Procedural Considerations
Aliens in traditional LPR or
SAW status may convert to commuter status and "commence" residing in a
foreign contiguous territory; however, there are no rules or instructions
regarding procedures to be followed in such cases. In practice, an alien
commuter surrenders the alien registration card at the Port of Entry, along
with Form I-90 application to Replace Alien Registration Card, three ADIT-style
photographs, and a letter from an employer establishing qualifying regular
and stable employment in the United States. The alien must write in after
Item 2.e of Form I-90 the following. "I desire to become an alien commuter"
(previous editions of Form I-90 had a box marked "Other" in which the above
was written in, but this has been deleted from the current version). INS
gives the alien a temporary card for entry to the United States. A new alien
registration card reflecting "commuter" status is processed and sent to the
alien in care of the U.S. employer.
An alien entering the United
States as a permanent resident for the first time who desires commuter status
presents the following to INS officials at the border: the sealed visa
envelope issued by the U.S. consulate, a letter requesting commuter status,
and a letter from a U.S. employer verifying qualifying employment. The alien
will be issued a Form I-551 coded to reflect "commuter" status.
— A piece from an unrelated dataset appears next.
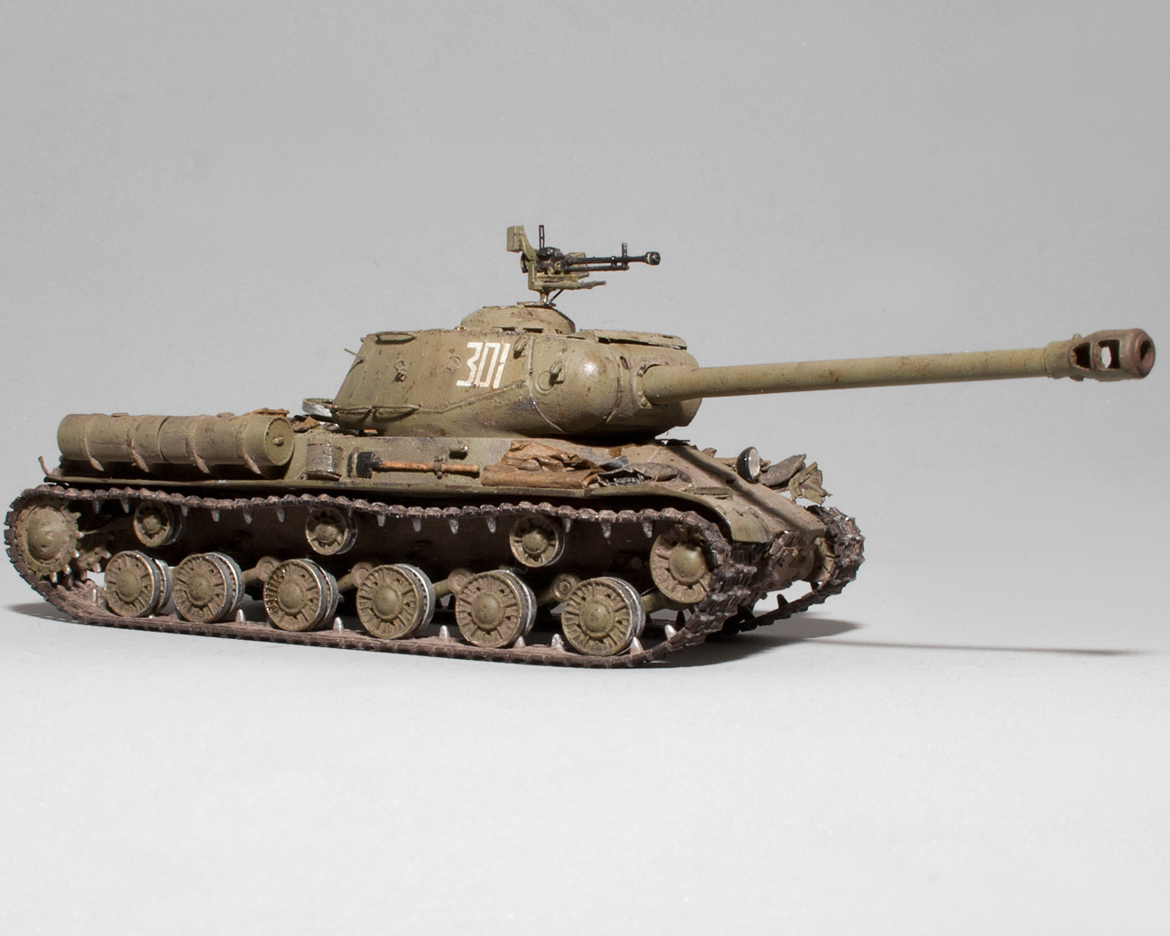 ИС-2, принятый на вооружение в конце 1943 года, представляет собой модификацию танка ИС-1 с вооружением, усиленным за счет установки мощной 122-мм пушки Д-25 с дульным тормозом. Новая боевая машина обладала всеми качествами, необходимыми для борьбы с любым танком противника: мощная пушка, повышенная броневая защита и надежная силовая установка. В 1944 году ИС-2 был модернизирован. Новый образец имел наклонную лобовую часть корпуса, вместо смотрового люка механика-водителя - щель, закрытую стеклоблоком. На кронштейне, закрепленном на подвижном погоне командирской башенки, установили крупнокалиберный зенитный пулемет. Всего было выпущено 3750 тяжелых танков ИС-2.

Alien commuters must satisfy
the INS that, absent factors beyond their control, they have not been
unemployed in the United Sates for more than six months at a time. To this
end, every six months the INS requires proof of regular and stable U.S.
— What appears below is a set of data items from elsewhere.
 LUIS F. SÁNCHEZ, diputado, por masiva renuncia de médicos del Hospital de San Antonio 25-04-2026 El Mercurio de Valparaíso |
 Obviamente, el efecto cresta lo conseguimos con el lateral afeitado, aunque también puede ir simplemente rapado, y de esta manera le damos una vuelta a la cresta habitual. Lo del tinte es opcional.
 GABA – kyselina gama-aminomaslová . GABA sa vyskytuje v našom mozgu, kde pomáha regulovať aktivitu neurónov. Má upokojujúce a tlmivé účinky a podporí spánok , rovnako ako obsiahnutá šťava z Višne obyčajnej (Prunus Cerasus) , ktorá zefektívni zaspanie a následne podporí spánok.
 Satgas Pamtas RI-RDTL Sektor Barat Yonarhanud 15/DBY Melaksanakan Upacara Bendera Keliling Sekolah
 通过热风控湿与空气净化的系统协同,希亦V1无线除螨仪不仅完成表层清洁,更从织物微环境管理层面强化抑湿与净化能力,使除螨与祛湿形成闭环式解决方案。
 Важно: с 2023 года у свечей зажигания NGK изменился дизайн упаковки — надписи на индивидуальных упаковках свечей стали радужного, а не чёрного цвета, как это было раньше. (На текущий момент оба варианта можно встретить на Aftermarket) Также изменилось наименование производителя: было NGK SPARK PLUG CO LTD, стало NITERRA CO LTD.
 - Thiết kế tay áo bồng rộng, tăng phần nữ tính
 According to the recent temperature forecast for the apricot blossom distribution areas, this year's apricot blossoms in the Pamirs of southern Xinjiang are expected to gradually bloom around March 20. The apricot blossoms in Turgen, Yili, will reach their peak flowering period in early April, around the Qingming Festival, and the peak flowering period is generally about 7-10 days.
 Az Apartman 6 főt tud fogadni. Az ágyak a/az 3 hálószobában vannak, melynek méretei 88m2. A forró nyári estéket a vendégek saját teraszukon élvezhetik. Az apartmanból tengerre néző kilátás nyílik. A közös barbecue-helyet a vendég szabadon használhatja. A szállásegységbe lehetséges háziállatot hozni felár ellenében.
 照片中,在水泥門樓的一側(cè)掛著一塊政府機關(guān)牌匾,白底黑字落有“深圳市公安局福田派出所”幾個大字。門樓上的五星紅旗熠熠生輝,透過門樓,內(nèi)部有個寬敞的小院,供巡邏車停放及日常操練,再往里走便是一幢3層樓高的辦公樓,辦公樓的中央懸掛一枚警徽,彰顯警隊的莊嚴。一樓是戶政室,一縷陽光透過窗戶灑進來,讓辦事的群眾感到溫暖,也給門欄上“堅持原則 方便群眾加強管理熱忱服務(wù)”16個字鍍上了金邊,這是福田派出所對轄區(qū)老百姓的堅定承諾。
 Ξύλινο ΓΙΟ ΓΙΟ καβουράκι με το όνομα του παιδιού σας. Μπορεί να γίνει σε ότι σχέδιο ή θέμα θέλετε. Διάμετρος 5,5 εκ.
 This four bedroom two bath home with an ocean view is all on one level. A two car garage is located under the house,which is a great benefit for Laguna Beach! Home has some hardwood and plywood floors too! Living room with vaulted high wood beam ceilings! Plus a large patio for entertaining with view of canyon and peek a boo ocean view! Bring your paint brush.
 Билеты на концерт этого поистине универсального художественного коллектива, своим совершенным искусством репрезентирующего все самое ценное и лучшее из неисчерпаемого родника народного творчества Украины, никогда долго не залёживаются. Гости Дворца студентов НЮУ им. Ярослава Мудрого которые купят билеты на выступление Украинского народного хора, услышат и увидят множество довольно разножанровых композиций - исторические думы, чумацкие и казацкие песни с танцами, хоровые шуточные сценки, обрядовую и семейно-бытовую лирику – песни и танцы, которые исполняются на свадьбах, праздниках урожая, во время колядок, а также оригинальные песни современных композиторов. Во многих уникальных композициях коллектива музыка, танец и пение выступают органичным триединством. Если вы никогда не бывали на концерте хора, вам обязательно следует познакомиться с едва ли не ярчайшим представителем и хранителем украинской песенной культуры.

employment from those in commuter status. Often this proof takes the form of
a letter from a U.S. employer confirming continuing employment. An "alien
commuter" may challenge loss of permanent resident status in exclusion
proceedings.
An "alien commuter" may at any
time abandon commuter status and take up actual residence in the United
States. To do so, the alien file form I-90 to obtain a "green card" that is
coded to reflect actual U.S. residence. 8 C.F.R.. 211.5(c); 8 C.F.R.
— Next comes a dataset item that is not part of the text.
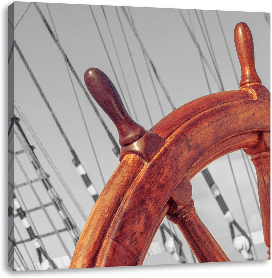 Pixxprint Steuerrad auf dem Schiff 70x70cm Leinwandbild Wandbild Kunstdruck, 70x70

264.1(c)(2)(H). To become resident in the United States, the alien commuter
must establish a residence in the United States and must have the intention
to reside there permanently. Alien commuters engaged in seasonal work will be
presumed to have taken up U.S. residence if they are present the United
States for more than six months during any twelve-month period.
Alien commuters are required
to present a valid Form I-151, I-551, or I-688 at the time of each entry into
the United States, but they are not required to present an immigrant visa or
passport after the initial entry. Aliens must also present a properly
endorsed and dated Form I-178, Commuter Status Card, the document through
which the INS monitors the date when the commuter must again present evidence
of regular and stable employment in the United States. The I-178 Commuter
Status Card is coded with the alien's "A" number and is also numbered 1
through 12 to reflect the month in which the alien must present evidence of
regular and stable employment. It must be carried at all times while the
alien is in the United States.
As previously noted, an alien
commuter is precluded from petitioning for immigration benefits on behalf of
relatives; however, if an alien originally enters the United States as a
commuter and later converts to traditional LPR status, a qualifying spouse
and children may follow to join. There is no statutory time limit within
which a spouse or child may follow to join the principal alien. 9 Foreign
Affairs Manual (FAM) 40.1, Note 7. Thus, if an alien opts for commuter status
upon original entry to the United States and later abandons commuter status
for regular permanent resident status, qualifying derivative relatives may
"follow to join" the principal alien in the United States. Generally, to
qualify as one following to join, the relationship between the principal and
the derivative relative must have existed before the principal alien's
original entry into the United States as a permanent resident. Matter of G-,
7 I&N Dec 731 (BIA 1958); 9 FAM 40.1, Notes 7.1, 7.2.-2. Should a spouse and
children fail to qualify for status under the following to join rule, a
lawful permanent resident who has abandoned commuter status and assumed
residence in the United States may file immigrant visa petitions for
dependents subject to quota backlogs.